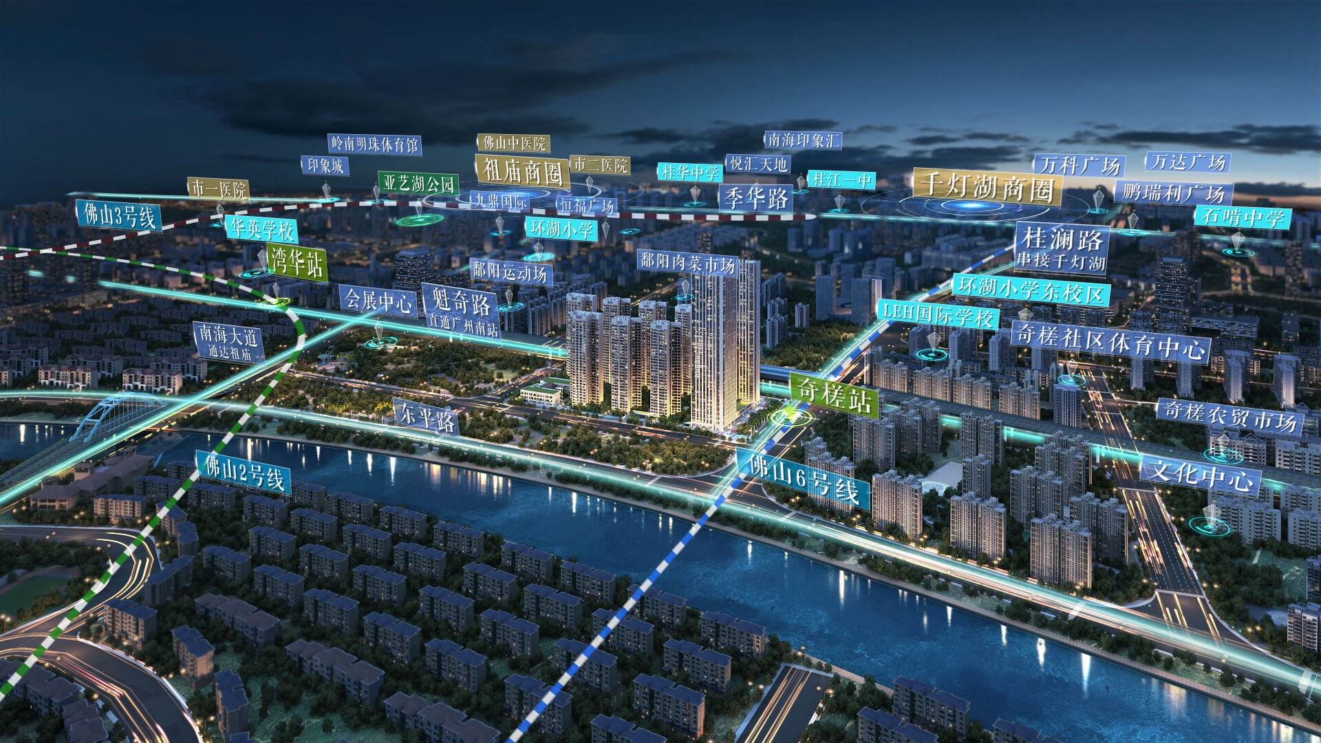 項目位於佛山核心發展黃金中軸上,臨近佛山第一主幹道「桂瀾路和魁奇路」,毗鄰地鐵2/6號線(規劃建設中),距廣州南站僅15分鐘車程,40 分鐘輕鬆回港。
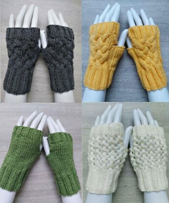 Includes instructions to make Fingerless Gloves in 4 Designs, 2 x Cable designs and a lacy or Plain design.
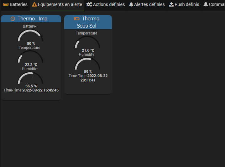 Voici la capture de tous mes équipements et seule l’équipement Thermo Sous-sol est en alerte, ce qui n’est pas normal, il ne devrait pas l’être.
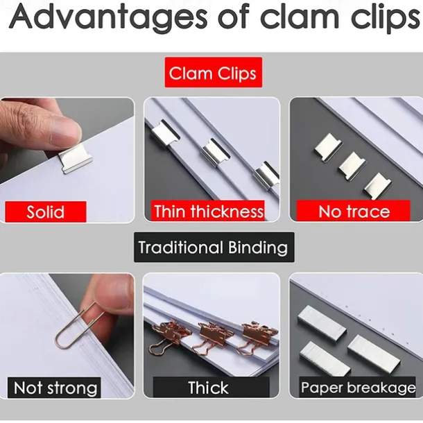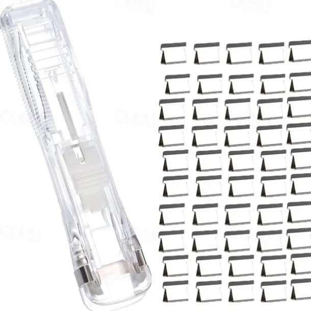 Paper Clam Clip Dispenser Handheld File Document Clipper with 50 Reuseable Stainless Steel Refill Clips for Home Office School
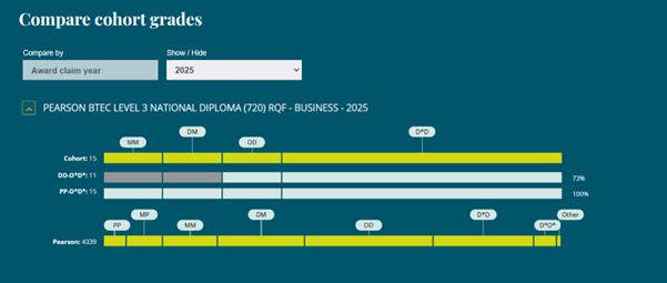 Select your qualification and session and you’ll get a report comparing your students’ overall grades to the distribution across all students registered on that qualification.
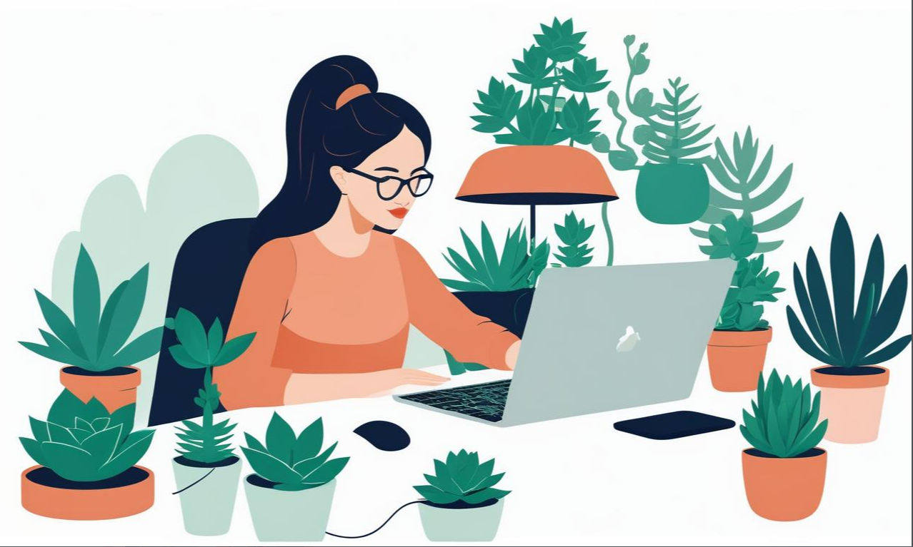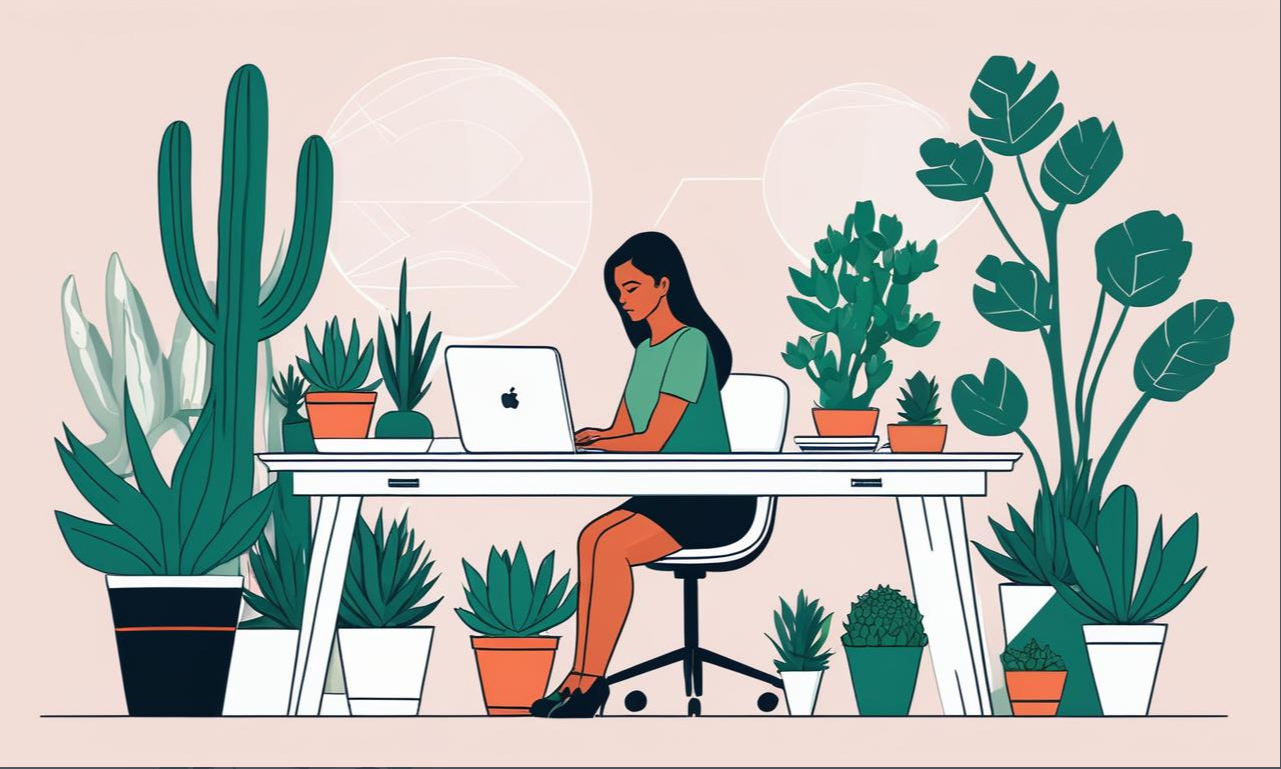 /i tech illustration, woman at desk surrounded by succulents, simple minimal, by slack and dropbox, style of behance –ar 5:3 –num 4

= = =

## INSTRUCTIONS TO FOLLOW
The line containing "Select your qualification" and each line after it through the end of the listing above are to be written out exactly, without the pictures.

## RESULT
 Select your qualification and session and you’ll get a report comparing your students’ overall grades to the distribution across all students registered on that qualification.
 /i tech illustration, woman at desk surrounded by succulents, simple minimal, by slack and dropbox, style of behance –ar 5:3 –num 4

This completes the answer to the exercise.